[PROVIDED MATERIAL]
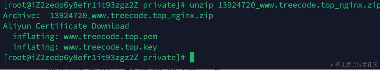 在配置前需要安装unzip工具以解压上文保存在本地的ssl证书。
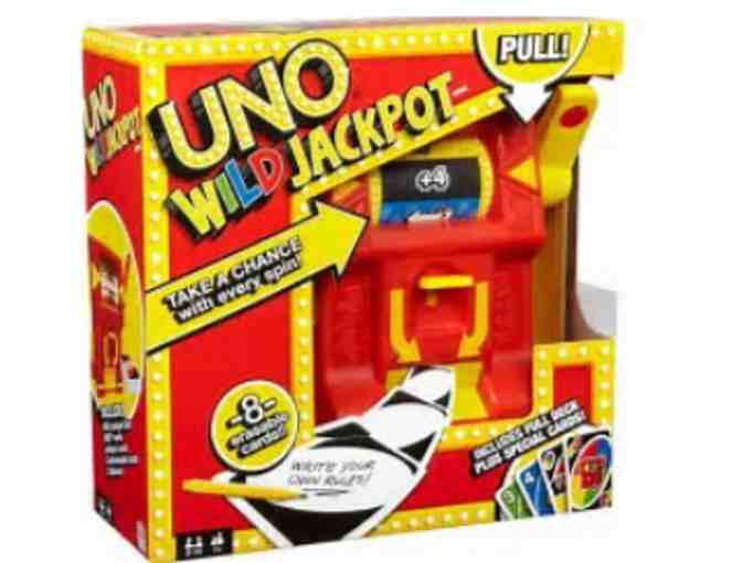 UNO Wild Jackpot is a spin on traditional UNO that incorporates a slot machine-style device and re-writable custom rules cards.
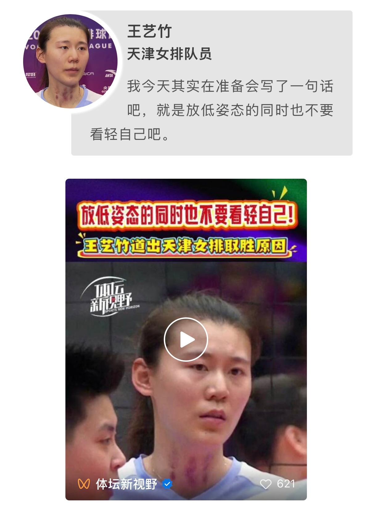 津苏之战前,王艺竹写下这一段话:放低姿态的同时也不要看轻自己吧!天津女排vs江苏

[PROMPT]
Would you copy out all the data exactly, without the images?

[OUTPUT OF THE EXERCISE]
 在配置前需要安装unzip工具以解压上文保存在本地的ssl证书。
 UNO Wild Jackpot is a spin on traditional UNO that incorporates a slot machine-style device and re-writable custom rules cards.
 津苏之战前,王艺竹写下这一段话:放低姿态的同时也不要看轻自己吧!天津女排vs江苏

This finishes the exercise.